§ **Exercise materials**
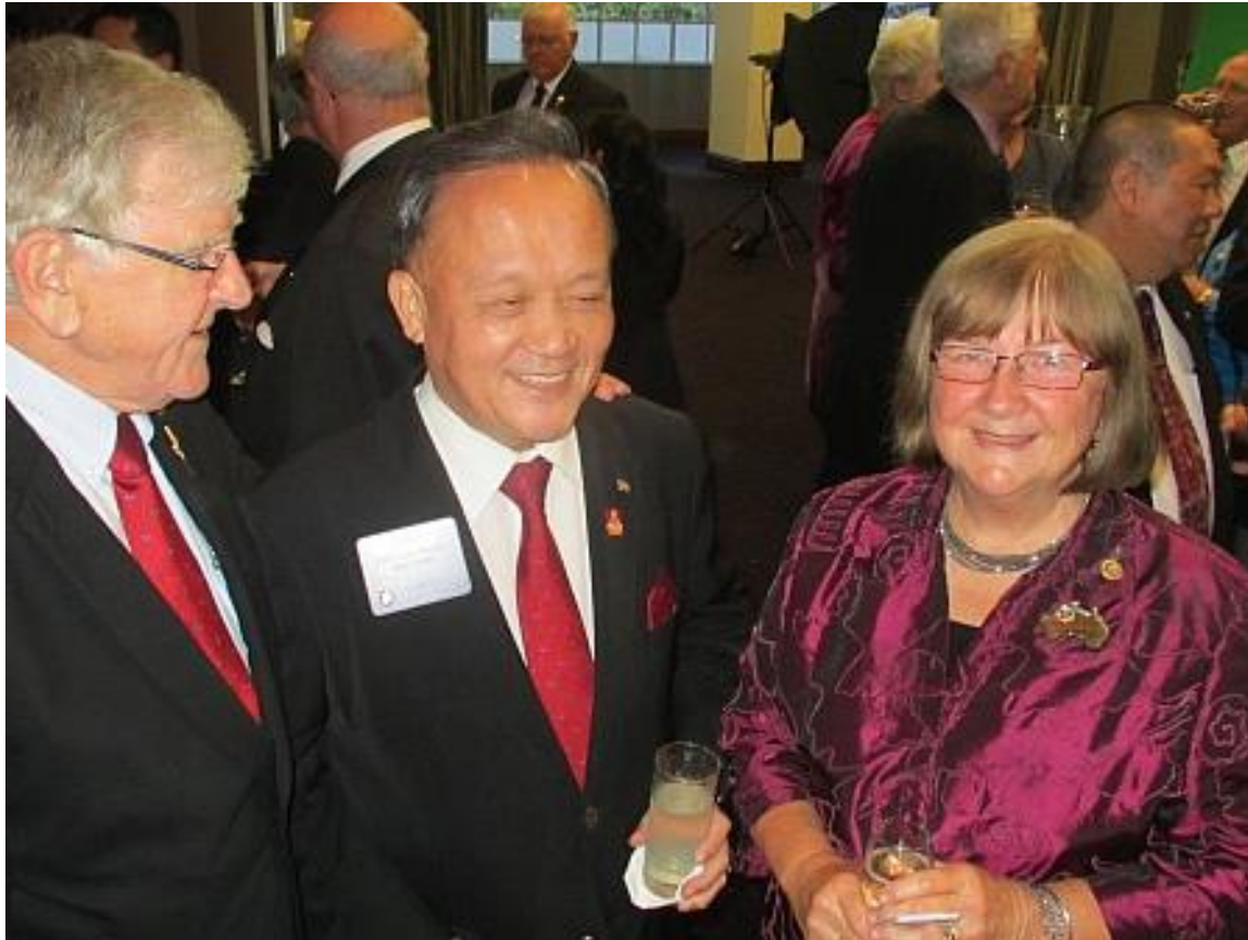
The Rotary Foundation Dinner
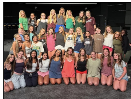
The girls at our Monday night Cru

friends with the gospel. We will meet next week to come up with a plan for a drill team outreach at Vines. It is also cool that she wants to start an outreach with the drill team as we have had a difficult time reaching this specific team at Vines due to barriers with coaches. We are praying for open doors with the drill students and are trusting God to help Caroline lead an outreach with the team.
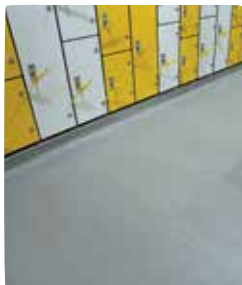
Fast Cure MMA
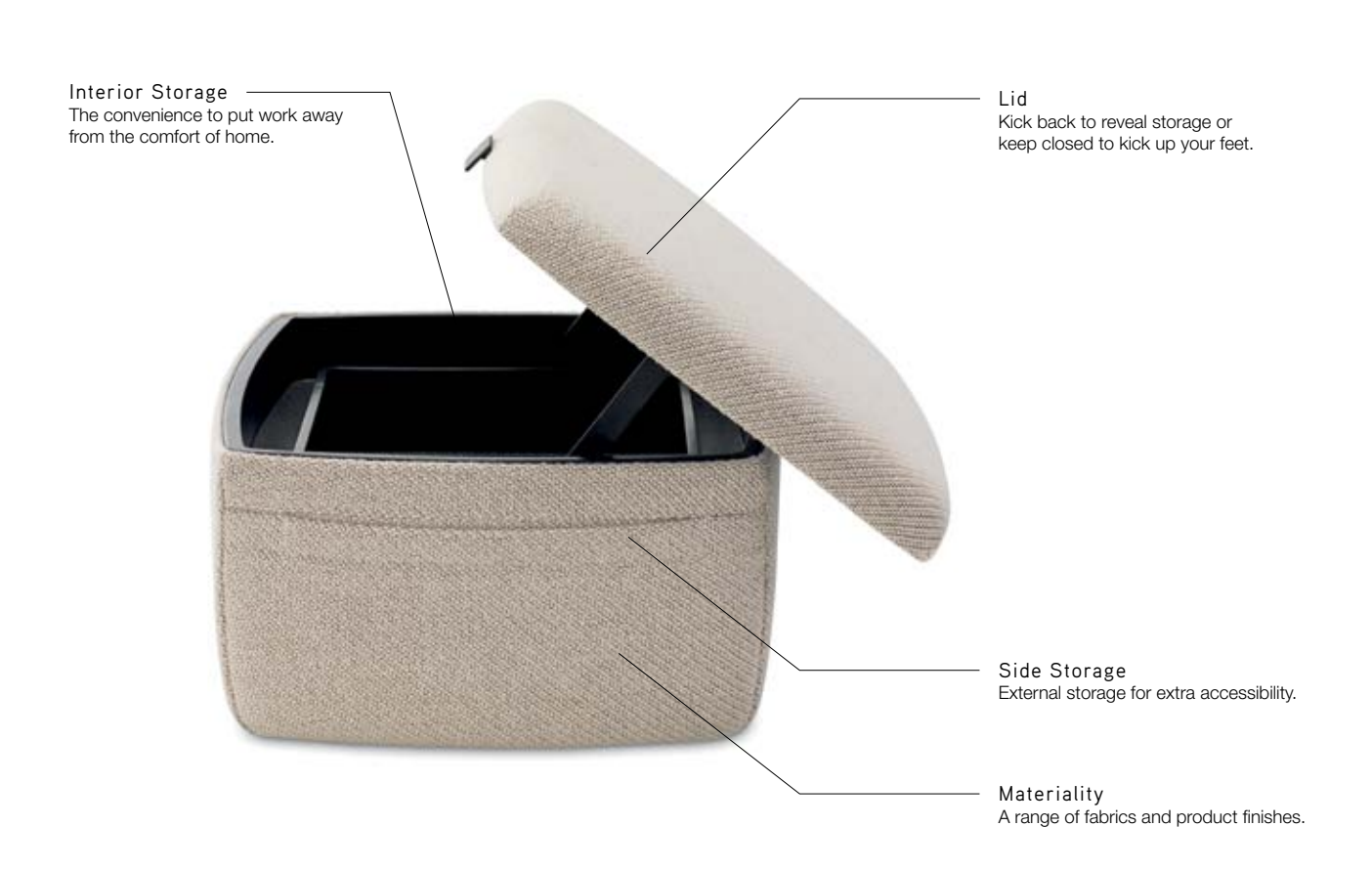
Massaud Work Lounge
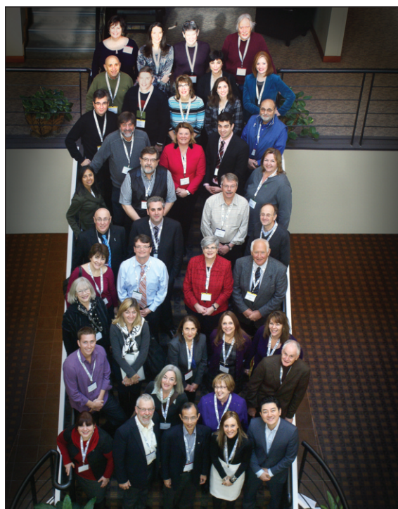
Participants of the GU Cancer Survivorship Meeting, 2013.
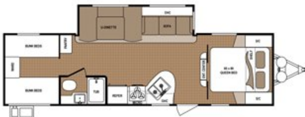
ASPEN TRAIL | 2890BHS Ext. Length: 32' 11" Ext. Height: 11' 2" Average Shipping Weight: 6,482 Sleeps: 6-8
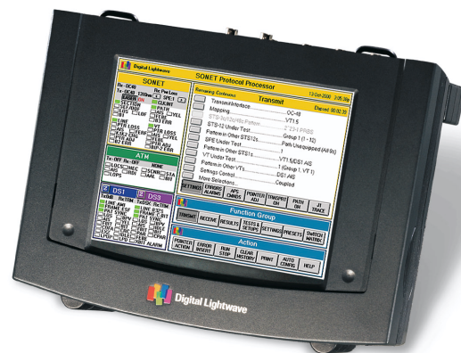
Network Information Computer (NIC ASA 312)

Combining innovative features, functionality and performance into a single cost-effective product, the NIC ASA 312 Network Information Computer is the most advanced testing platform available today.
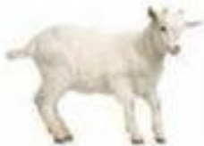
kid goat (baby)
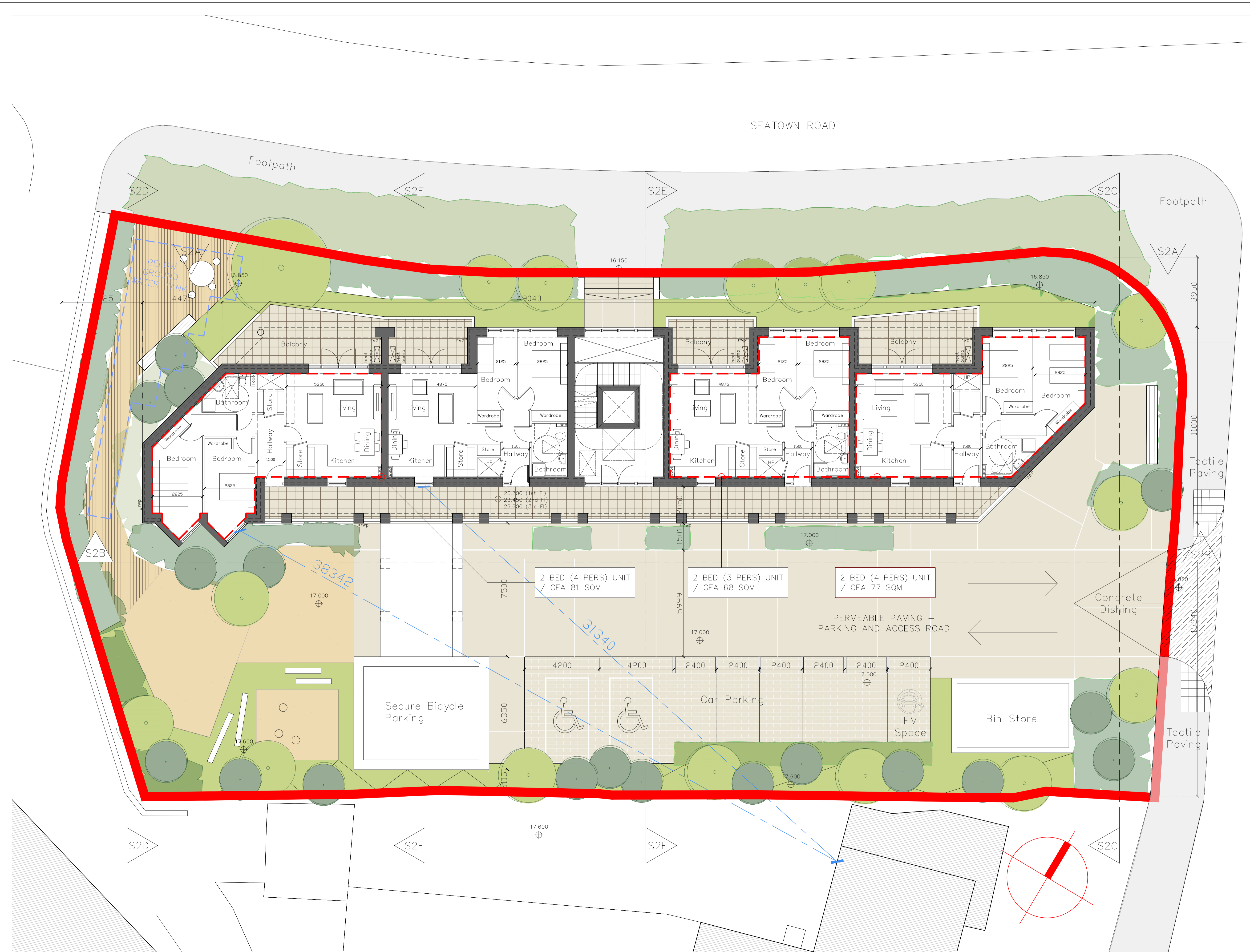
SITE NO 2 - PROPOSED FIRST / SECOND / THIRD FLOOR PLANS (SCALE 1:100)
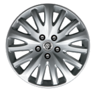
17" 15-SPOKE PAINTED-ALUMINUM WHEELS Standard on Milan Hybrid

§ **Your instructions**
Pick out every line of the listing containing the word "Information", and show those lines.

§ **Your response**
Network Information Computer (NIC ASA 312)
Combining innovative features, functionality and performance into a single cost-effective product, the NIC ASA 312 Network Information Computer is the most advanced testing platform available today.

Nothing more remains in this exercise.